WORK TO COMPLETE — Go to the line that contains "элегантность композиции изделия.", then write out that line and all that follow to the end of the listing, exactly and without pictures.

SUPPLIED MATERIAL —
== == ==

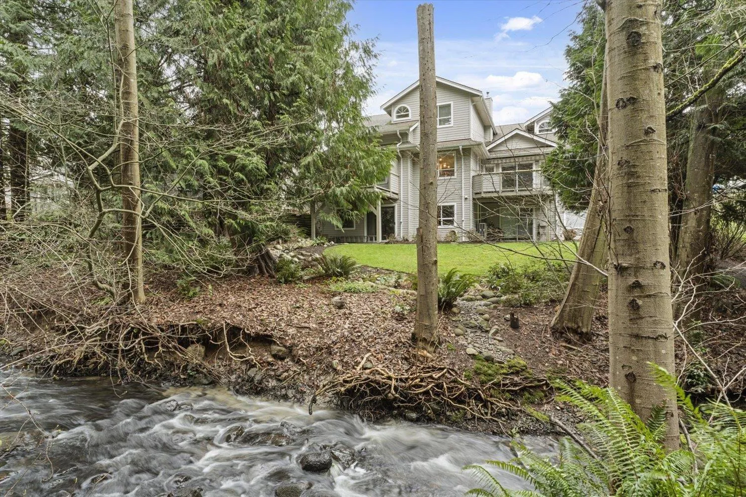 First time on the market in almost 30 years! If you're looking for a townhouse that feels like a house, welcome to a gorgeous home at Westwinds. This 3 storey townhouse has been recently renovated and backs on to serene Carlson Creek and a quiet greenbelt of mature trees. Featuring 2 bedrooms plus a den that could easily be a third bedroom, 4 bathrooms, including a luxurious primary suite with ensuite bath that feels like a hotel, a gourmet kitchen with a farmhouse sink and banquette seating that over looks the creek, a bright living room with a gas fireplace, a cozy family room right off the kitchen, AND a fully finished walk out basement with a large rec room with a wet bar and more. Plus there is plenty of parking in the double garage. (id:27476)
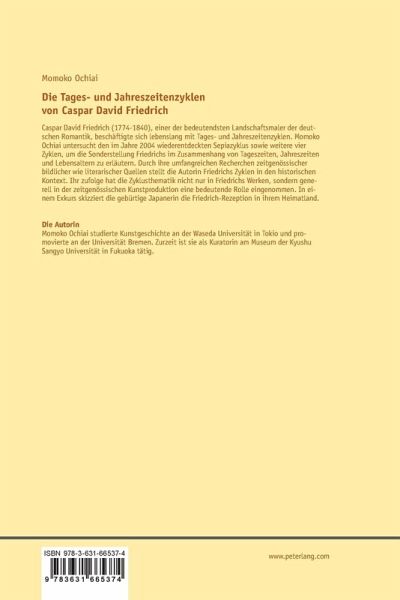 Caspar David Friedrich (1774-1840), einer der bedeutendsten Landschaftsmaler der deutschen Romantik, beschäftigte sich lebenslang mit Tages- und Jahreszeitenzyklen. Momoko Ochiai untersucht den im Jahre 2004 wiederentdeckten Sepiazyklus sowie weitere vier Zyklen, um die Sonderstellung Friedrichs im Zusammenhang von Tageszeiten, Jahreszeiten und Lebensaltern zu erläutern. Durch ihre umfangreichen Recherchen zeitgenössischer bildlicher wie literarischer Quellen stellt die Autorin Friedrichs Zyklen in den historischen Kontext. Ihr zufolge hat die Zyklusthematik nicht nur in Friedrichs Werken, sondern generell in der zeitgenössischen Kunstproduktion eine bedeutende Rolle eingenommen. In einem Exkurs skizziert die gebürtige Japanerin die Friedrich-Rezeption in ihrem Heimatland.
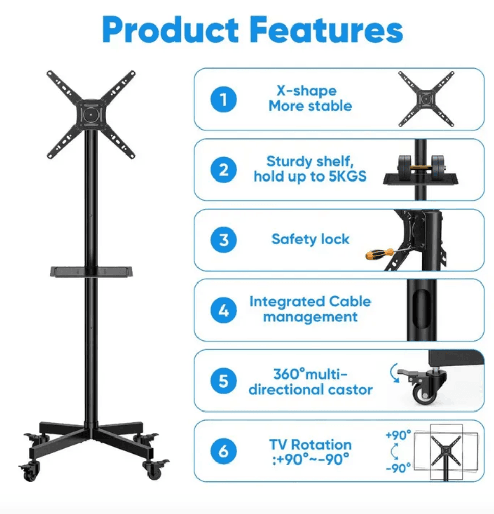 El soporte de TV móvil con ruedas Aspor Rack está diseñado para pantallas de 32 a 70 pulgadas, soportando hasta 55 kg. Su estructura de acero resistente y ruedas con freno permiten desplazarlo fácilmente y mantenerlo estable. Ideal para oficinas, salones de clases o presentaciones, combina funcionalidad con un montaje sencillo y seguro.
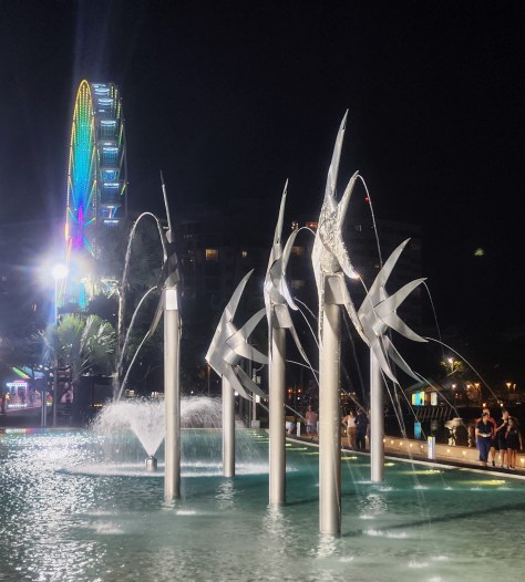 For the last bit before Cairns, we were in jungle and stop-and-go traffic. Storms had washed out half the road at places, so we had to alternate with westbound traffic. Finally we were clear but behind a SUPER-slow, crazy-cautious driver who would not pull over even when he had the opportunity. GHAAAAA! It was already dark by the time we made it into Cairns.
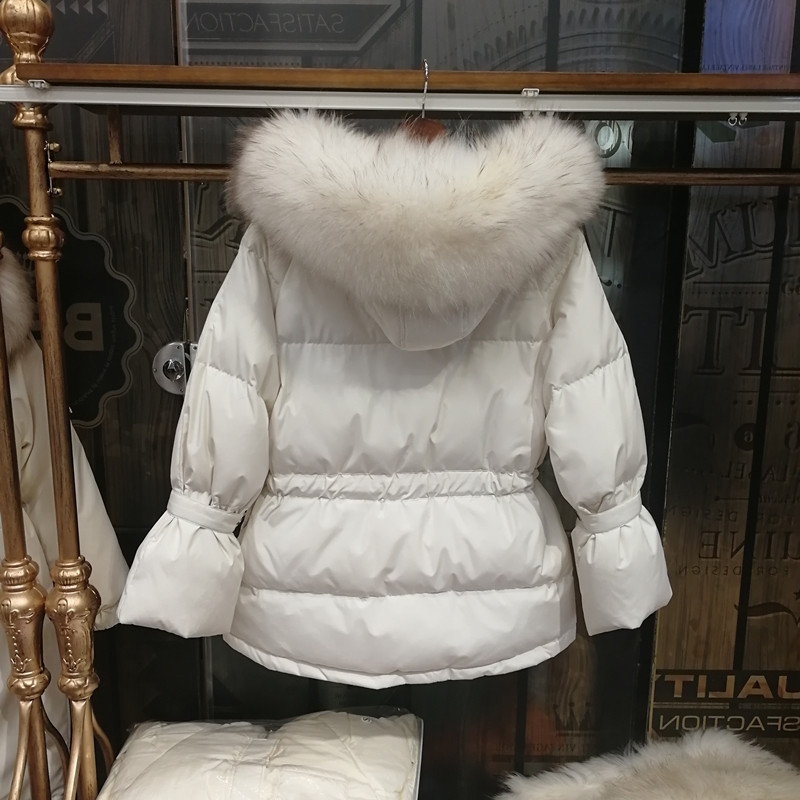 The new Dongdaemun casual short hooded princess with a large fur collar and flared sleeves fitted hooded thick down jacket
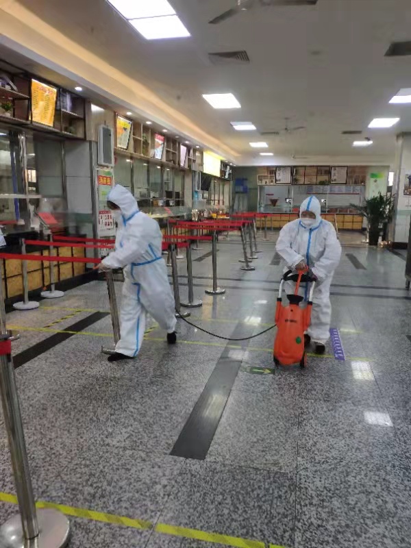 为给师生提供安全健康的就餐环境,两校区学生餐厅自封控起,在原有消杀工作的基础上适当增加消杀次数,对重点、盲点区域进行重点消杀,两校区每日累计消杀面积40000余平方米。
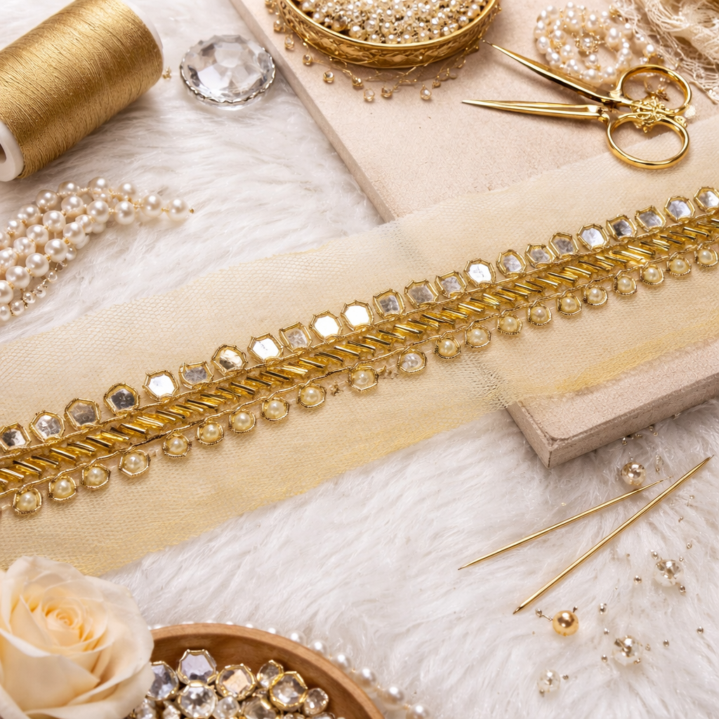 Add timeless elegance to your creations with this hand-embroidered mirror and pearl lace trim, crafted on a soft net base. This luxurious border features finely placed reflective mirror elements, delicate pearl drops, and a rich gold zari finish, giving it a regal yet refined look.
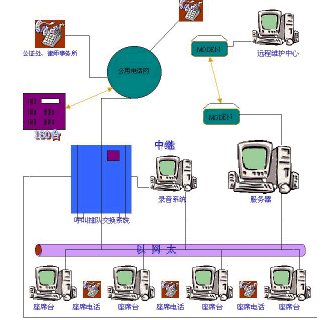 呼叫中心系統(tǒng)由用戶電話交換機(jī)、CTI服務(wù)器、IVR設(shè)備、應(yīng)用數(shù)據(jù)庫服務(wù)器、人工座席客戶機(jī)和電話終端等硬件設(shè)備和應(yīng)用軟件組成
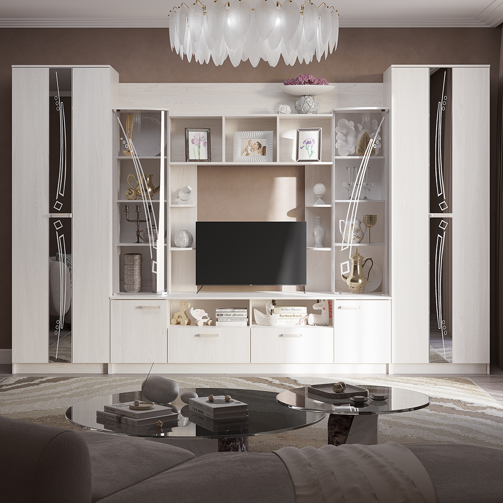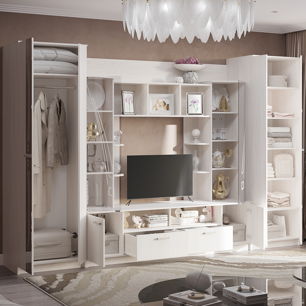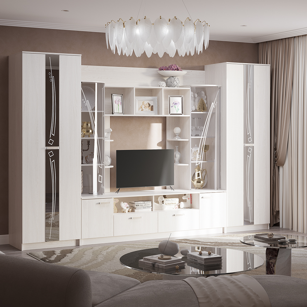 Гостиная «Венеция» – идеальный вариант для размещения большого количества вещей, включая одежду, ведь данная модель имеет зоны для ее хранения. Открытые полки вокруг ниши для телевизора позволят не только хранить предметы повседневного обихода, но и украсить интерьер. Стильные стеклостворки придают особую элегантность композиции изделия.
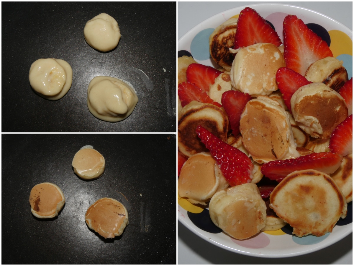 I mini banana pancake sono pronti, guarnite con fragole, zucchero e sciropo o con altri ingredienti a scelta.

== == ==

EXERCISE RESPONSE —
 Гостиная «Венеция» – идеальный вариант для размещения большого количества вещей, включая одежду, ведь данная модель имеет зоны для ее хранения. Открытые полки вокруг ниши для телевизора позволят не только хранить предметы повседневного обихода, но и украсить интерьер. Стильные стеклостворки придают особую элегантность композиции изделия.
 I mini banana pancake sono pronti, guarnite con fragole, zucchero e sciropo o con altri ingredienti a scelta.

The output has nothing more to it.